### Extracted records
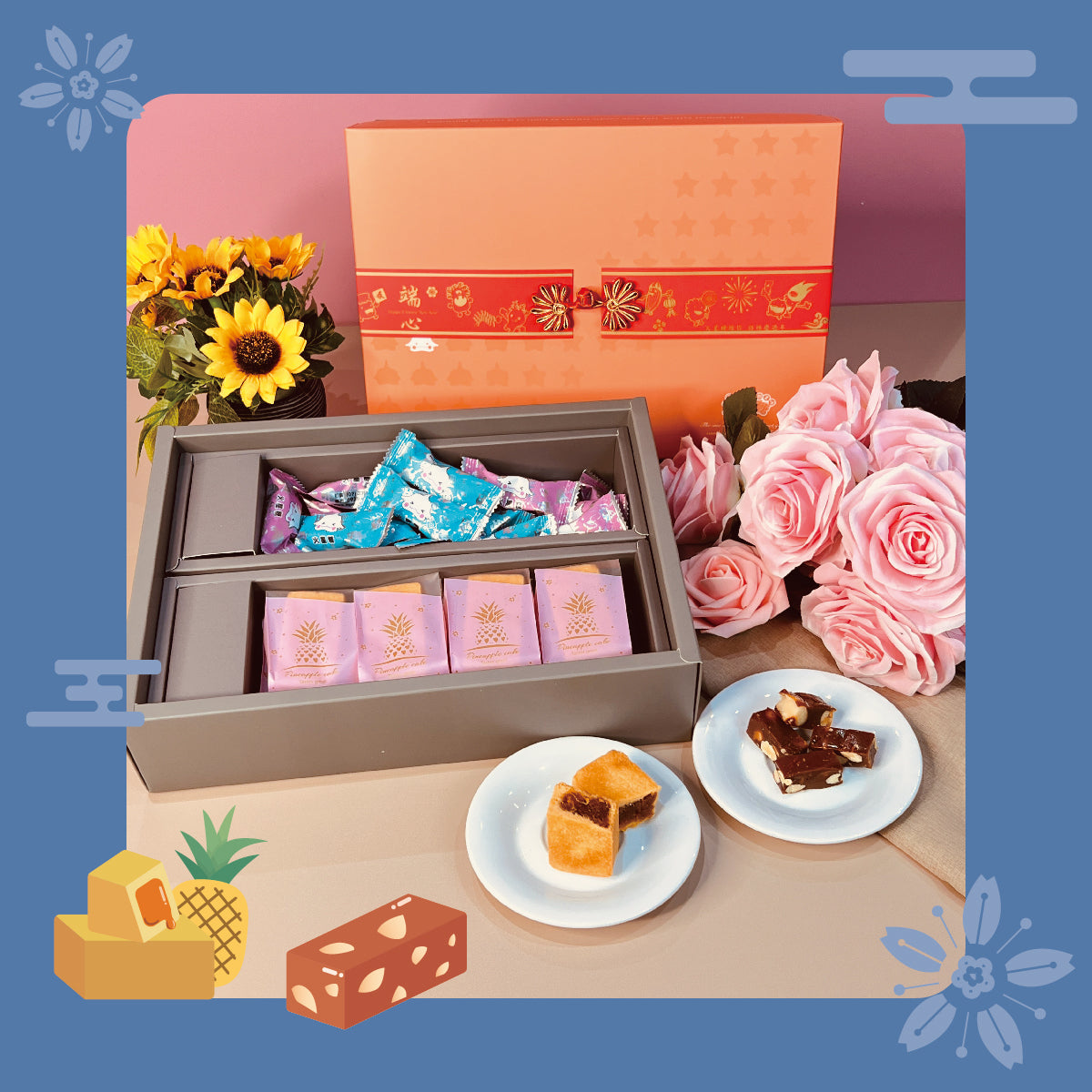 | 成分說明: | 火星糖(夏威夷豆、杏仁果粒、海藻糖、砂糖、特級麥芽、鮮奶、鮮奶油、寒天粉、義大利海鹽)、鳳梨酥(低筋麵粉、糖粉、無鹽發酵奶油、無水奶油、蛋黃、全脂奶粉、土鳳梨餡(鳳梨、砂糖、精緻麥芽、檸檬、沙拉油)) |
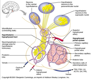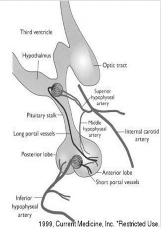 - Pituitary Gland normally derives blood supply from vessels passing through the hypothalamus, anterior pituitary derives 70-90 of its blood supply from portal system.
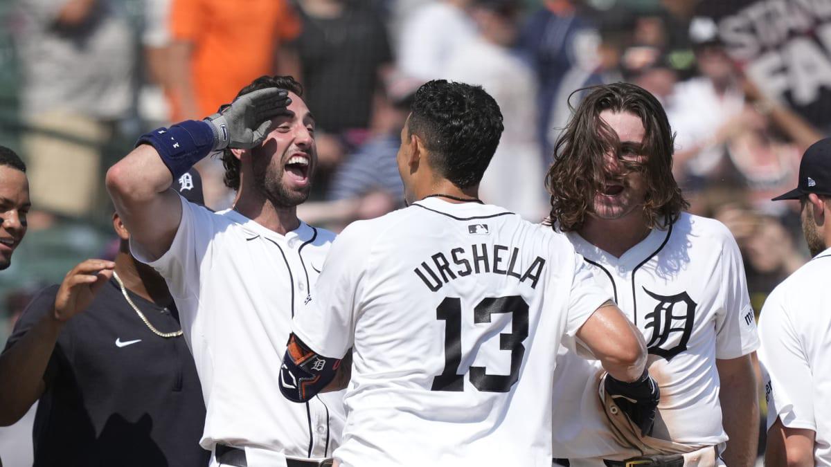 DETROIT._ El colombiano Gio Urshela pegó un jonrón de dos carreras en la décima entrada y los Tigres de Detroit remontaron tras estar abajo 9-4 en la novena para vencer el sábado 11-9 a los Dodgers de Detroit.
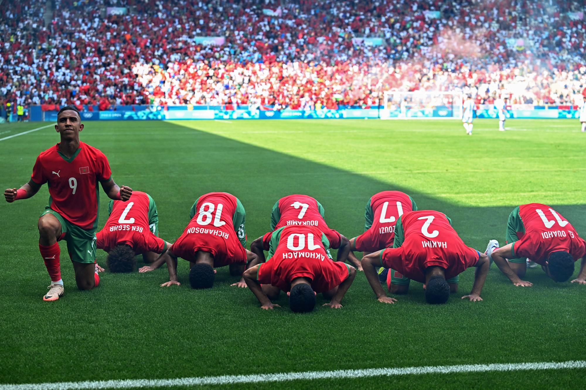 Morocco's forward #09 Soufiane Rahimi (L) kneels as he celebrates after scoring his team's first goal, as his teammates touch their forehead to the ground in the men's group B football match between Argentina and Morocco during the Paris 2024 Olympic Games at the Geoffroy-Guichard Stadium in Saint-Etienne on July 24, 2024. (Photo by Arnaud Finistre/AFP Photo)
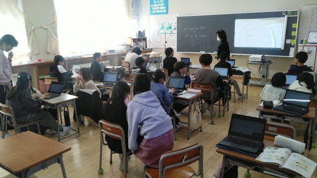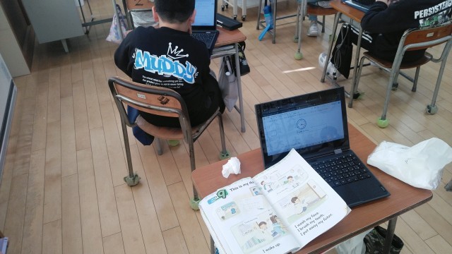 4年1組の5時間目は、外国語活動の時間でした。「歯を磨く」「顔を洗う」等の1日スケジュールを英語で考えていました。

### GOAL OF THE EXERCISE
Pictures excluded, reproduce only the part above that opens with the line holding "- Pituitary Gland" and closes with the line holding "DETROIT._ El colombiano", exactly as written.

### OUTPUT OF THE TASK
 - Pituitary Gland normally derives blood supply from vessels passing through the hypothalamus, anterior pituitary derives 70-90 of its blood supply from portal system.
 DETROIT._ El colombiano Gio Urshela pegó un jonrón de dos carreras en la décima entrada y los Tigres de Detroit remontaron tras estar abajo 9-4 en la novena para vencer el sábado 11-9 a los Dodgers de Detroit.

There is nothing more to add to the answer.